さらには、これらの損失時間は医療活動、医薬品の生産、新規医薬品開発のイノベーション、待機宿泊施設の稼働など、各種経済活動を発生させています。このため、3400万人日という工数は単純損失とは言えません。このため経済的要素を加味した損失工数の差は単純な引き算以上に大きくなる可能性があります。
結論として、感染中の苦しみや死亡への恐怖および、死亡による感情的または経済的損失のことを完全に忘れて、単純に損失時間だけを考えて比較すれば、ワクチン接種時間を拒否することは合理的な判断である、と言うことができます。
Q5:コロナワクチン接種を拒否することに法的な問題は無いでしょうか
A5:コロナを含めて全ての予防接種は任意接種なので、全く問題ありません。
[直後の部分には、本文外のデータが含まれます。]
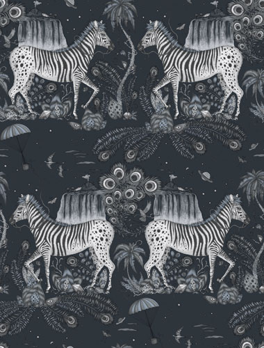 En natthimel full av stjärnor, planeter och uråldriga landskap. En zebrapåfågel stoltserar runt omgiven av botanik i gråa och blåa nyanser. En mörkblå tapet (nästan svart) med exotiska växter och djur skapar nästan ett intryck av en kritmålning. Mönstret Lost World finns i 5 färgställningar.
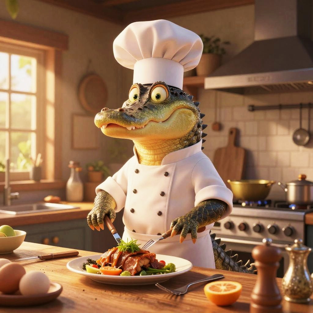 Cartoon Chameleon Chef in Kitchen

逆に、ワクチン接種を強要することは罪に問われる可能性があります。
Q6:医師の説明の歯切れが悪くて、信用できないのですが?
A6:申し訳ありません。
例を挙げれば「妊娠や胎児に対しての悪影響は無い……と考えられている……のではないかと思います」とか、「不妊症の原因にはなりません……例外がゼロと断言することはできませんが……理論上100%大丈夫かと保証を求められるとちょっと……」のように、断言を避ける表現を取る医師は少なくありません。
訴訟リスクを避けるクセがついているため、語尾に断定の形を取らない(取れない)のです。「統計上有意であること≠目の前の個人への効果の保証」についてはご理解を頂きたいです。
逆に、細かな説明を省いて断定形で話すことを好む医師もいますが、そのような医師は訴訟を抱えていることが多い印象です。医師と話をする際にはその辺りの事情を忖度しつつ、ご自身の利益が最大となるよう上手に医師をご活用いただけると幸いです。
もっと言えば「科学的に間違いがまったく無い説明」と、「患者にとって利益の期待値が最大になる説明」は必ずしもイコールではありません。自虐になりますが、コロナに限らず、難解な医療用語に振り回されながら正しい理解が無いままに同意書にサインを強いられる患者が一定数(実は多数?)存在することは、医療界では暗黙の了解です。
説明する側を責めず、「ワクチン接種拒否」の選択結果だけを責めるのはアンフェアでしょう。医師がもっとコミュニケーションスキルを磨くべきだという批判は正しいと思います。